We want our PM and CBM program to be focused on the early detection of failure
wherever possible so we have time to plan work effectively without rushing the job and
without risking loss of production output. This is why I do not identify with term
Predictive Maintenance anymore. I do not want to predict failures, I want to know their
condition and make decisions based on their defect severity (a failure mode is
beginning to exhibit itself) and asset criticality. A company’s PM and CBM program
should focused on the Condition of an Asset (Healthy or not) or Prevention of specific
failure modes and validate regulatory compliance.
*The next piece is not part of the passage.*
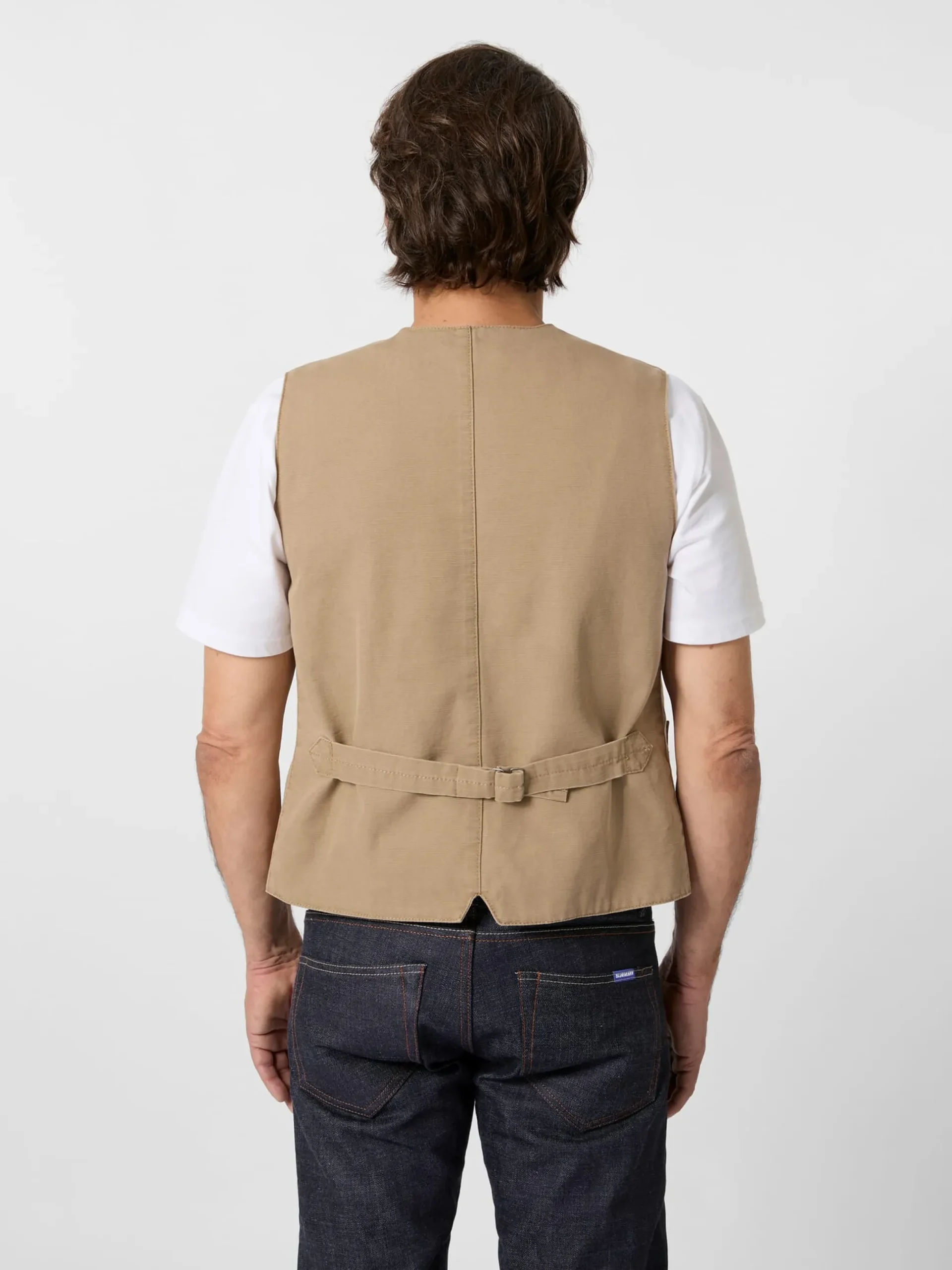 Einst schützten Westen wie diese das Oberhemd bei der Arbeit vor Schmutz und Beschädigung. Pike Brothers fertigt die Neuauflage einer solchen kragenlosen Weste aus einem markanten Baumwollcanvas. Front und Rücken sind aus dem Oberstoff gearbeitet, innen ist die Weste mit einem leichten Baumwolltuch gefüttert. Drei eingesetzte Taschen bieten Platz für Kleinteile des täglichen Bedarfs, ein aufgesetzter Taillenriegel aus dem Oberstoff erlaubt eine moderate Weitenanpassung mittels Metallschließe. Ein optisches Detail ist das schräg eingesetzte Zierknopfloch zwischen dem zweiten und dritten Knopf.
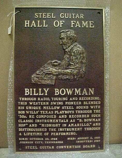 Bronze plaque from the Steel Guitar Hall of Fame, marked "STEEL GUITAR/ HALL OF FAME/ BILLY BOWMAN/ THROUGH RADIO, TOURING, AND RECORDING/ THIS WESTERN SWING PIONEER BLENDED/ HIS UNIQUE MELLOW STEEL SOUND WITH/ BOB WILLS' TEXAS PLAYBOYS THROUGH THE/ '50S. HE COMPOSED AND RECORDED SUCH/ CLASSIC INSTRUMENTALS AS "B. BOWMAN/ HOP" AND "MIDNIGHT IN AMARILLO," AND/ DISTINGUISHED THE INSTRUMENT THROUGH/ A LIFETIME OF PERFORMING./ BORN: OCT. 30, 1928 JOHNSON CITY, TENNESSEE DIED: AUGUST 6, 1989/ INDUCTED: 1989/ STEEL GUITAR CONVENTION BOARD."Collection

4. Looking at the PF Curve above you may identify Precision Maintenance is to the left of
when Failure begins. Another point is predictive maintenance will provide one with the
earliest detection of potential failures. I was at a company who just completed a PM
Optimization Project in one large area of their operation and I ask the lead technician on
the project how many of the new PMs addressed specific failure modes. He was in
shock and ask an honest question, “what is a failure mode?”. In fact I have found in
many cases when a company performs a PM Optimization the results show that most
failure modes by a PM. So everything looks like a PM because no one of the PM
Optimization team is an expert in Predictive Maintenance.
4. Planned Maintenance
Planned Maintenance is the development of maintenance work which in most cases
includes the following:
• Effective Procedures are developed and ready for execution
• Parts required are kitted and staged prior to scheduling
• Potential Parts Identified and Reserved in Stores
• Specifications have been defined
• Special tools and equipment identified and possibly staged or at least reserved
• Special permits identified
• Estimated labor and work execution hours determined
• And other items are identified and prepared to ensure effective work is executed
to standard and is repeatable.
• Preventive (PM) and Condition Monitoring (CBM)
If I were to ask you how your organization measures effectiveness of your Planned
Maintenance program what would the answer be? % of Planned Work? MTBF may be
a better performance measure.
5. Scheduling was not addressed in this paper even though scheduling work is just as
important as planning a job. If a job is rushed or a repair is not scheduled in time then a
functional failure in most cases will occur.